After photographing this place and finding odds an ends on the info section, we had some derelict trains to find and photograph, but I was rather glad to photograph this place from the following night, needless to the say the history is "scarce" and yet another abandoned home in possibly a really lovely area, well for nature anyway.

On with the shots!











































































































Well thats your lot, hope you enjoyed it! more soon! ​


----------



## HughieD (Aug 1, 2018)

You really are the remote rural derp king MB. Another great find and atmospheric set.


----------



## smiler (Aug 1, 2018)

You made it interesting MB, I enjoyed it, Thanks


----------



## Sam Haltin (Aug 1, 2018)

That's a good one, likewise I'd like to mention the atmospheric shots. Do the photographs indicate the previous owner was in the Royal Navy.


----------



## prettyvacant71 (Aug 1, 2018)

An out of place glitter ball Lovely shots MB!


----------



## mockingbird (Aug 2, 2018)

HughieD said:


> You really are the remote rural derp king MB. Another great find and atmospheric set.

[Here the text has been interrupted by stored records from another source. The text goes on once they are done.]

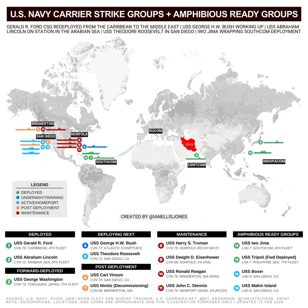 «Джеральд Форд» уже седьмой месяц находится в режиме боевого развёртывания. В июне прошлого года авианосец покинул порт приписки в Норфолке и направился в Средиземное море. В октябре Трамп отправил его в Карибский бассейн для участия в агрессии против Венесуэлы и борьбы с наркотрафиком.
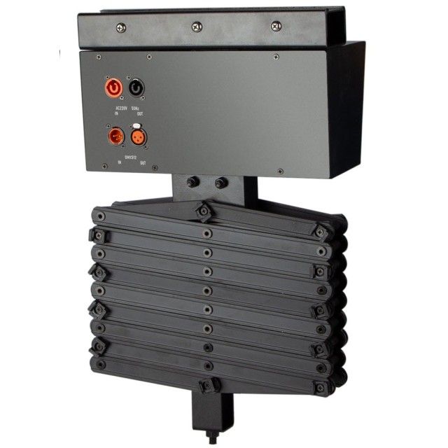 Na zadní straně pantografu umožňuje upevnit napájecí kabel světla nebo kabely DMX na každou sekci, a když se světlo pohybuje nahoru a dolů, kabely budou dobře uspořádané a protáhnou se společně s pantografem.
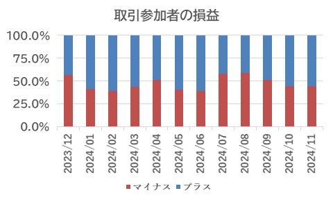 FX取引における実現損益でプラスは55.7%、マイナスは44.3%と、2カ月連続でプラス収支となった。
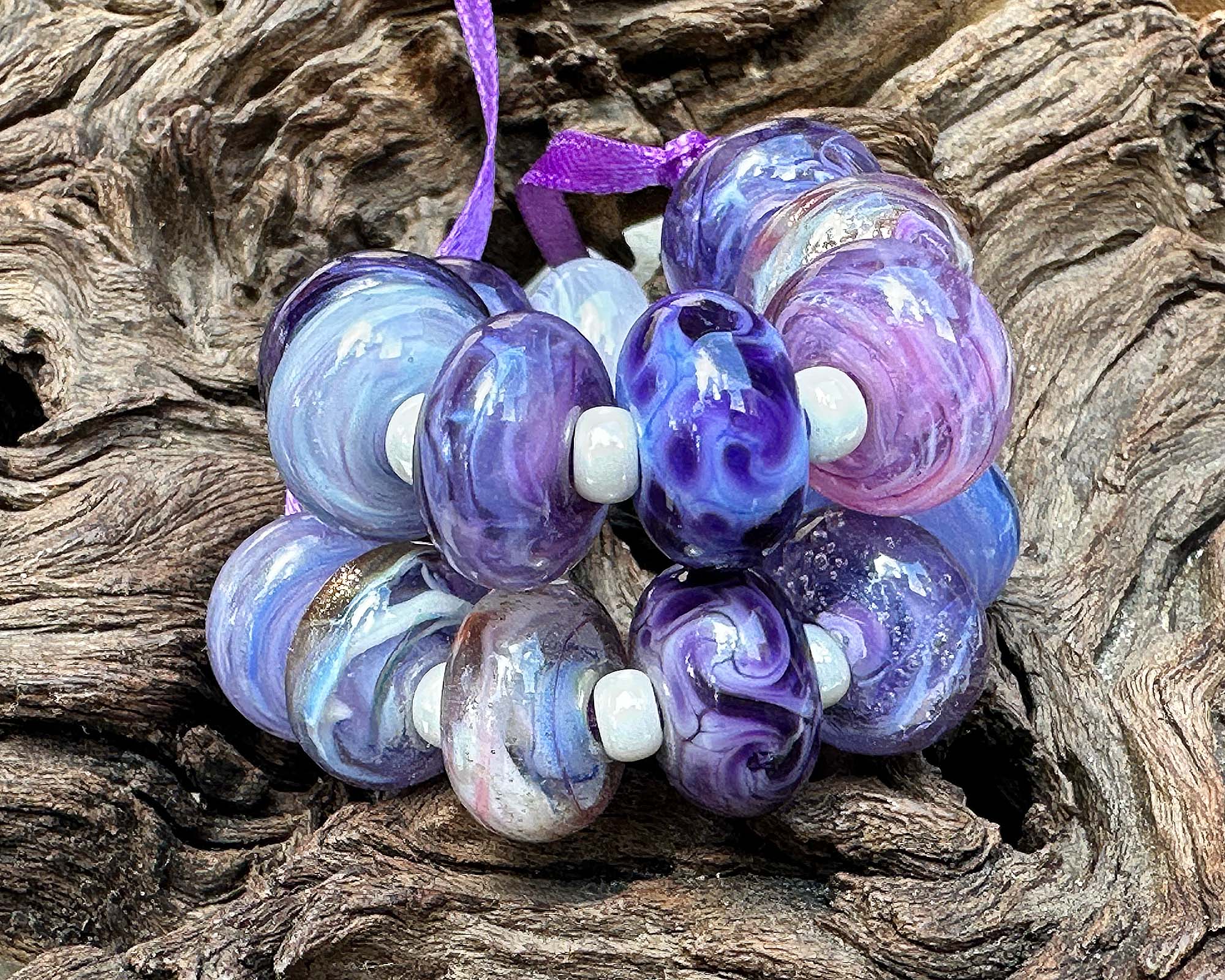 Discover a stunning collection of handcrafted purple lampwork beads, featuring a vibrant color palette that ranges from deep violet to soft lilac, with mesmerizing hints of blue, pink, and tanzanite. Each bead is a unique hand-crafted gemstone, showcasing semi-transparent and opaque finishes, perfect for creating eye-catching jewelry designs. Carefully made in our studio and digitally kiln annealed for exceptional durability and long-lasting beauty.

I wouldn't go that far but let's see what I put up next lol cheers for your comment


----------



## mockingbird (Aug 2, 2018)

smiler said:


> You made it interesting MB, I enjoyed it, Thanks



I try sir I really do ha thank you!


----------



## mockingbird (Aug 2, 2018)

Hugh Jorgan said:


> That's a good one, likewise I'd like to mention the atmospheric shots. Do the photographs indicate the previous owner was in the Royal Navy.



The amount of old pictures upstairs in a draw of ships Ect could indicate this, not much else personal remains, id love to see this place in a few years see how its holding up has a feel to it! Thank you


----------



## mockingbird (Aug 2, 2018)

prettyvacant71 said:


> An out of place glitter ball Lovely shots MB!



Who doesn't own a glitterball in the living room  thank you


----------



## Dirus_Strictus (Aug 2, 2018)

Hugh Jorgan;355078 Do the photographs indicate the previous owner was in the Royal Navy.[/QUOTE said:


> Somehow I think not. From looking at photographs from friends and relatives who were in the Royal Navy in the 40's, 50's and 60's, the subject matter is not right. From the images I have seen, the subject matter was always shipmates and ports of call - full images of your vessel did not appear, except the rare one to mum and dad at the start of one's posting. Anyway the images shown are from a professional publication - from similar publications on different subjects/professions, one got a loose leaf binder and the images came out weekly or monthly, but unfortunately I cannot recall the original publication or publisher who would have produced these images.


----------



## yvettelancaster (Aug 10, 2018)

Wow What a find Great pics


----------